Special Issue Information

Dear Colleagues,

Stroke is a major cause of death and disability worldwide. Despite great advances in acute management due to improved recanalization strategies, greater symptom awareness and prompt intervention, the recanalization eligibility is still limited, and a large proportion of stroke patients remain disabled or die. Translational stroke research has focused on neuroprotection as a promising strategy alongside recanalization to limit tissue injury. However, out of more than 1000 putative neuroprotectants, none have reached the clinical setting and, with neurorehabilitation being the only available treatment beyond the acute phase, there is a flagrant need to enhance post-stroke recovery.
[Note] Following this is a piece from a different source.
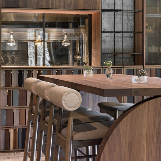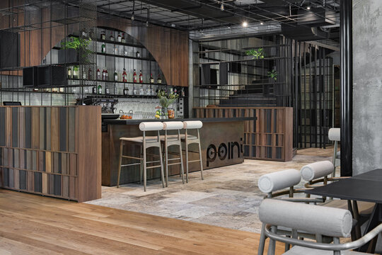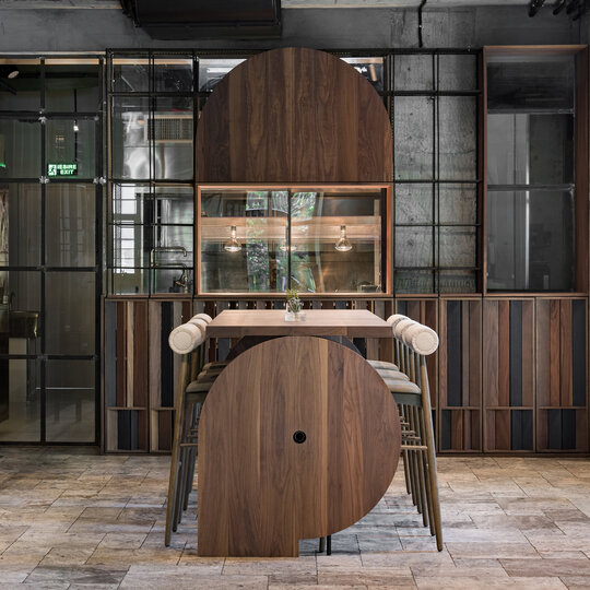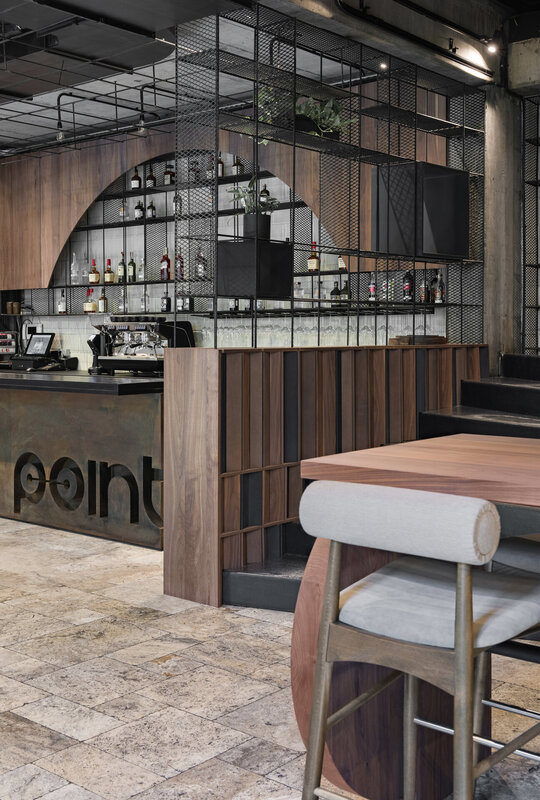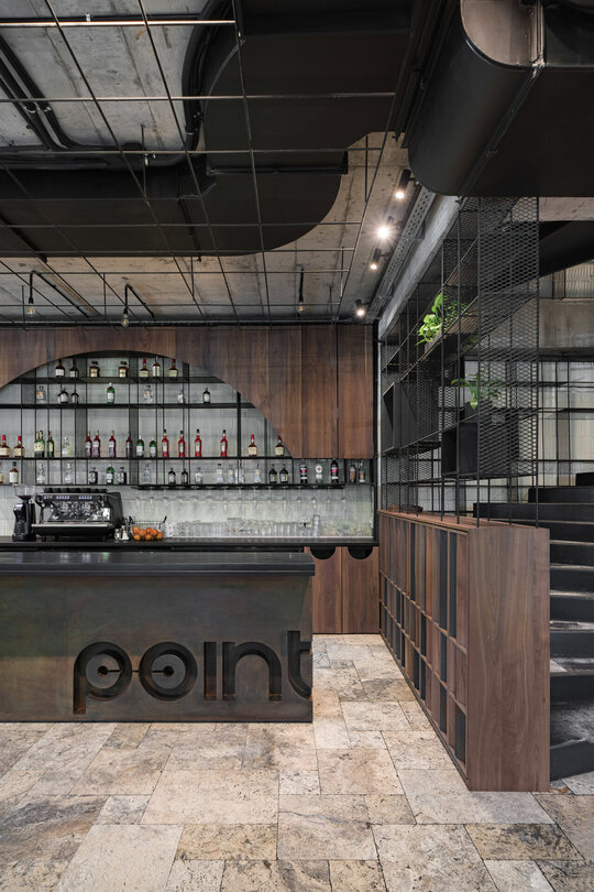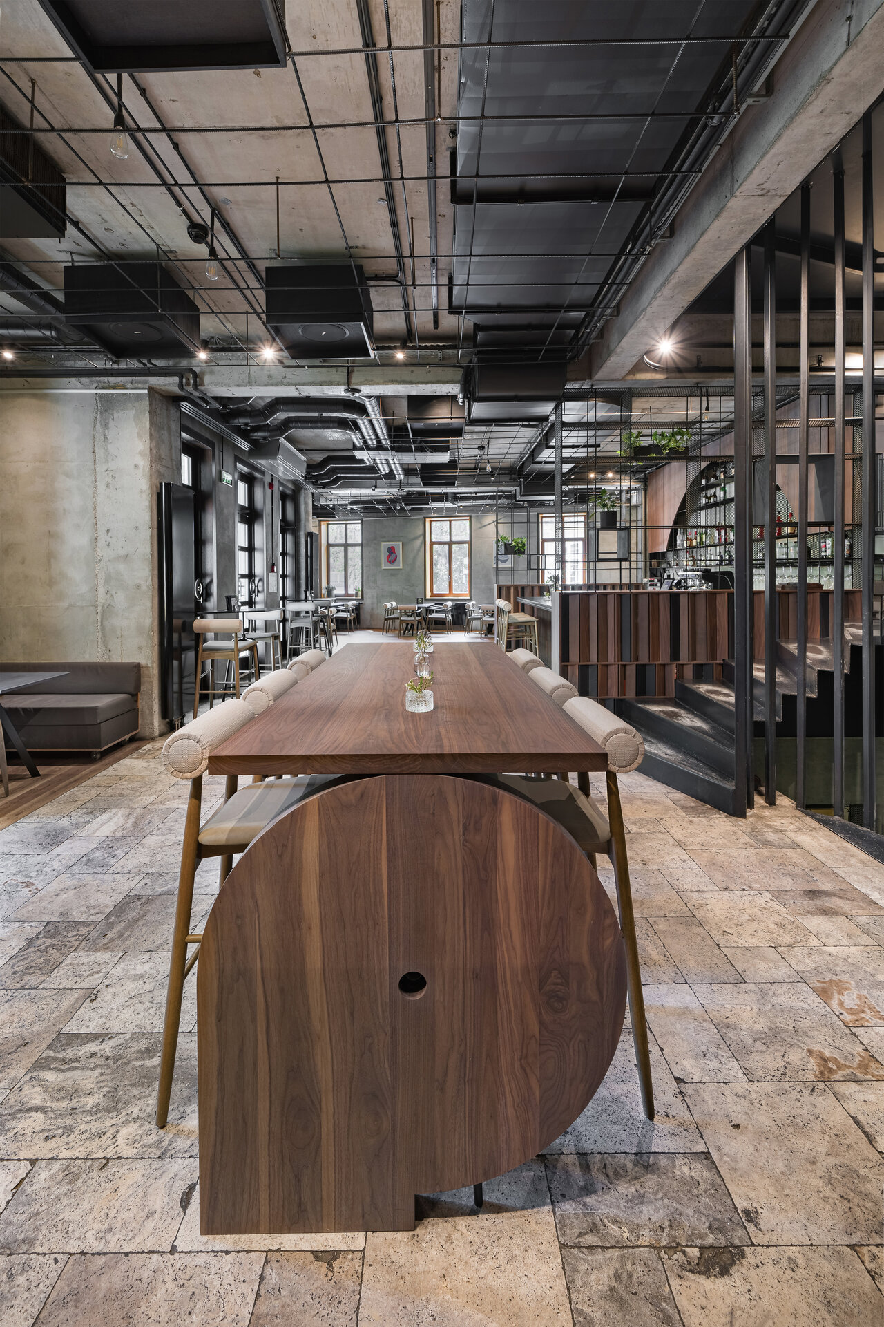 Arhitectura 'altfel' prsupune o arhitectură responsabilă, realizată cu atenție la context și resurse. S-a utilizat lemn de nuc, în contrast cu elementele metalice ‘moștenite’, iar designul barului din corten a fost reinterpretat, păstrându-i-se materialul, ca un liant între culorile și texturile regăsite în întreg spațiul.

In recent years, stroke immunology has emerged as a promising field, placing emphasis on the inflammatory response as a key pathophysiological event contributing to tissue injury and repair. It is now known that stroke not only triggers a local neuroinflammatory response but also induces disturbances in systemic immune homeostasis, and common stroke risk factors are associated with inflammatory processes.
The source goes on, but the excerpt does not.